Showing papers by "Galina E. Pozmogova published in 2019"

DNA G-Quadruplexes (G4s) Modulate Epigenetic (Re)Programming and Chromatin Remodeling: Transient Genomic G4s Assist in the Establishment and Maintenance of Epigenetic Marks, While Persistent G4s May Erase Epigenetic Marks.

Abstract: Here, the emerging data on DNA G-quadruplexes (G4s) as epigenetic modulators are reviewed and integrated. This concept has appeared and evolved substantially in recent years. First, persistent G4s (e.g., those stabilized by exogenous ligands) were linked to the loss of the histone code. More recently, transient G4s (i.e., those formed upon replication or transcription and unfolded rapidly by helicases) were implicated in CpG island methylation maintenance and de novo CpG methylation control. The most recent data indicate that there are direct interactions between G4s and chromatin remodeling factors. Finally, multiple findings support the indirect participation of G4s in chromatin reshaping via interactions with remodeling-related transcription factors (TFs) or damage responders. Here, the links between the above processes are analyzed; also, how further elucidation of these processes may stimulate the progress of epigenetic therapy is discussed, and the remaining open questions are highlighted.

[The Role of Mutant RNA in the Pathogenesis of Huntington's Disease and Other Polyglutamine Diseases].

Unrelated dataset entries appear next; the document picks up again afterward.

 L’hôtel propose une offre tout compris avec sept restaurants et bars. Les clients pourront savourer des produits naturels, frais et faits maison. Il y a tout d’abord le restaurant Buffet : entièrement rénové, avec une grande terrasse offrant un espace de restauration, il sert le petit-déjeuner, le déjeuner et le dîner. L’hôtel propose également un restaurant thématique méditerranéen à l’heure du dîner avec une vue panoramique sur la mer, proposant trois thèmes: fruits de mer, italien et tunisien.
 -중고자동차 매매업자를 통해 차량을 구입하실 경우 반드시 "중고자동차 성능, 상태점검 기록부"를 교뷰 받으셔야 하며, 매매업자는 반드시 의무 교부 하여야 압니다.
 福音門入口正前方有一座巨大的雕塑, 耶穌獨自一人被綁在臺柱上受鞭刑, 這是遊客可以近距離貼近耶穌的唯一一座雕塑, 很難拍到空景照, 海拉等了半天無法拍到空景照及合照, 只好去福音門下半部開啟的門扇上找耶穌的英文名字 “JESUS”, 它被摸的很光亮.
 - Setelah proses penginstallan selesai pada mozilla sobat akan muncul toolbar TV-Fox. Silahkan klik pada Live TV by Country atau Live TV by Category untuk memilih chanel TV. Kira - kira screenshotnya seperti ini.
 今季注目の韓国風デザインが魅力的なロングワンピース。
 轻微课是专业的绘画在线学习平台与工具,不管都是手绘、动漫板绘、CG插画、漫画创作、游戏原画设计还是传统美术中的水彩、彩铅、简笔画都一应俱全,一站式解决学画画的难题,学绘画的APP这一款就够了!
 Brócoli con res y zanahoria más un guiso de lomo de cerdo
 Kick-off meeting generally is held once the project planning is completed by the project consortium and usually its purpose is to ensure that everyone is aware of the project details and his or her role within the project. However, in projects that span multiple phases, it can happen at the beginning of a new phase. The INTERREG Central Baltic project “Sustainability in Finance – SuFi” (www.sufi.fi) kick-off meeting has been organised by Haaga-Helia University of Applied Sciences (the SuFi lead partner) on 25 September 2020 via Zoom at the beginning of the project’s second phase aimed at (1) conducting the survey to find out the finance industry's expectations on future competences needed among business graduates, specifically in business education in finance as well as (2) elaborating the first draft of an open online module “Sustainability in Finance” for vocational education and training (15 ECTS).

Abstract: Polyglutamine diseases are rare, inherited neurodegenerative pathologies that arise as a result of expansion of trinucleotide CAG repeats in the coding segment of certain genes. This expansion leads to the appearance of mRNA with abnormally long repetitive CAG triplets (mCAG-RNA) and proteins with polyglutamine (PolyQ) tracts in the cells, which is why these pathologies are commonly termed polyglutamine diseases, or PolyQ diseases. To date, nine PolyQ diseases have been described: Huntington's disease, dentatorubral pallidoluysian atrophy (DRPLA), spinal and bulbar muscular atrophy (SBMA), and six different types of spinocerebellar ataxia (SCA 1,2,3,6,7, and 17). PolyQ diseases lead to serious, constantly progressing dysfunctions of the nervous and/or muscular systems, and there currently exists no efficacious therapy for any of them. Recent studies have convincingly shown that mCAG-RNA can actively participate in the pathological process during the development of PolyQ diseases. Mutant RNA is involved in a wide range of molecular mechanisms, ultimately leading to disruption of the functions of transcription, splicing, translation, cytosol structure, RNA transport from the nucleus to the cytoplasm, and, finally, to neurodegeneration. This review discusses the involvement of mutant mCAG-RNA in neurodegenerative processes in PolyQ diseases.

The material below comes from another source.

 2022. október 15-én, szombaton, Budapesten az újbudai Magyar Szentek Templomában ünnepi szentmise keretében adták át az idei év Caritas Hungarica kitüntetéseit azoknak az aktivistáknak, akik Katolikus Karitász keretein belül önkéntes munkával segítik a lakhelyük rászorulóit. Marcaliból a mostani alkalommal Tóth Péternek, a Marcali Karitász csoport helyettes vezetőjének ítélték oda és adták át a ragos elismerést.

DNA i-Motifs With Guanidino-i-Clamp Residues: The Counterplay Between Kinetics and Thermodynamics and Implications for the Design of pH Sensors.

Abstract: I-motif structures, adopted by cytosine-rich DNA strands, have attracted considerable interest as possible regulatory elements in genomes. Applied science exploits the advantages of i-motif stabilization under acidic conditions: i-motif-based pH sensors and other biocompatible nanodevices are being developed. Two key characteristics of i-motifs as core elements of nanodevices, i.e., their stability under physiological conditions and folding/unfolding rates, still need to be improved. We have previously reported a phenoxazine derivative (i-clamp) that enhances the thermal stability of the i-motif and shifts the pH transition point closer to physiological values. Here, we performed i-clamp guanidinylation to further explore the prospects of clamp-like modifications in i-motif fine-tuning. Based on molecular modeling data, we concluded that clamp guanidinylation facilitated interstrand interactions in an i-motif core and ultimately stabilized the i-motif structure. We tested the effects of guanidino-i-clamp insertions on the thermal stabilities of genomic and model i-motifs. We also investigated the folding/unfolding kinetics of native and modified i-motifs under moderate, physiologically relevant pH alterations. We demonstrated fast folding/unfolding of native genomic and model i-motifs in response to pH stimuli. This finding supports the concept of i-motifs as possible genomic regulatory elements and encourages the future design of rapid-response pH probes based on such structures. Incorporation of guanidino-i-clamp residues at/near the 5′-terminus of i-motifs dramatically decreased the apparent unfolding rates and increased the thermal stabilities of the structures. This counterplay between the effects of modifications on i-motif stability and their effects on kinetics should be taken into account in the design of pH sensors.